I= An image hyperlink

S= A shell hyperlink

D= A DDE hyperlink

(Required).

file

A path to a file, usually relative to the location of the current document.  The following macros may be used to specify additional paths:

%TEXT% - The current document path.

%PROGRAM% - The WordCruncher program path.

This is used to specify an external file in:

·   a cross-reference hyperlink (Optional),

·   an image file in an image hyperlink (Required),

·   a file, web page, e-mail address, etc. for a shell hyperlink (Required).

 

It is not used for DDE hyperlinks – (st=”X|I|S”).

fileAux

One or more paths to files using the same rules as the file attribute.  Files are specified using the following format:

file[;file]*

Auxiliary files used to further define which book from a library should be used as the target.  If the desired target is a Book Set, then this attribute can contain the other files in the set.  The software will attempt to match each auxiliary file to other files in the book set.

 

This is only used in cross-reference hyperlinks (Optional) - (st=”X”).

cit

A forward slash (/) delimited string of reference names optionally prefaced by a tree number and optionally terminated by a word offset or a reference gap number:

[t:]/name[/name]*[ (:word[,subword [,tagword]]) | (#gap)]

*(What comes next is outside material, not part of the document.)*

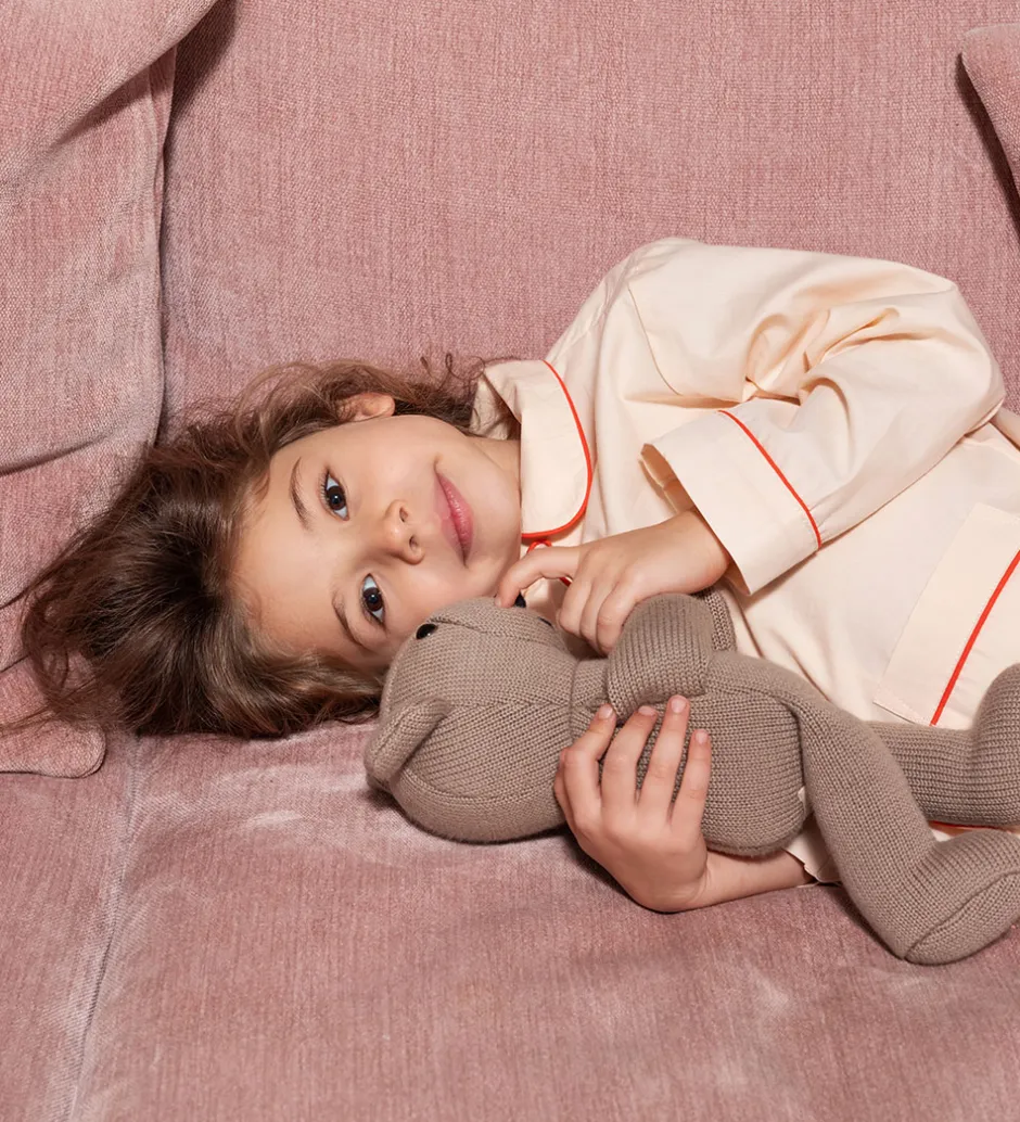 Elegant MarMar nattøj bestående af en natskjorte og et par natbukser. Nattøjet er i en lys, rosabeige nuance med røde detaljer. Natskjorten har fine knapper foran, og natbukserne har en komfortabel elastisk talje, begge med smukke røde kantlinjer.

This is the destination reference hierarchy path to position to.  Examples might be:

cit=”/Section 1/Sub-Section 5”

cit=”2:/Page 1/Paragraph 3”

cit=”/Section 1/Sub-Section 5:3”

 

This is only used for cross-reference hyperlinks - (st=”X”).

citRng

One or more citation ranges delimited by semicolons:

cit[-cit][;cit[-cit]]*

Where cit is the same as in the cit attribute, without the optional tree number.  Also, the cit can be a relative citation based on the citation in the cit attribute.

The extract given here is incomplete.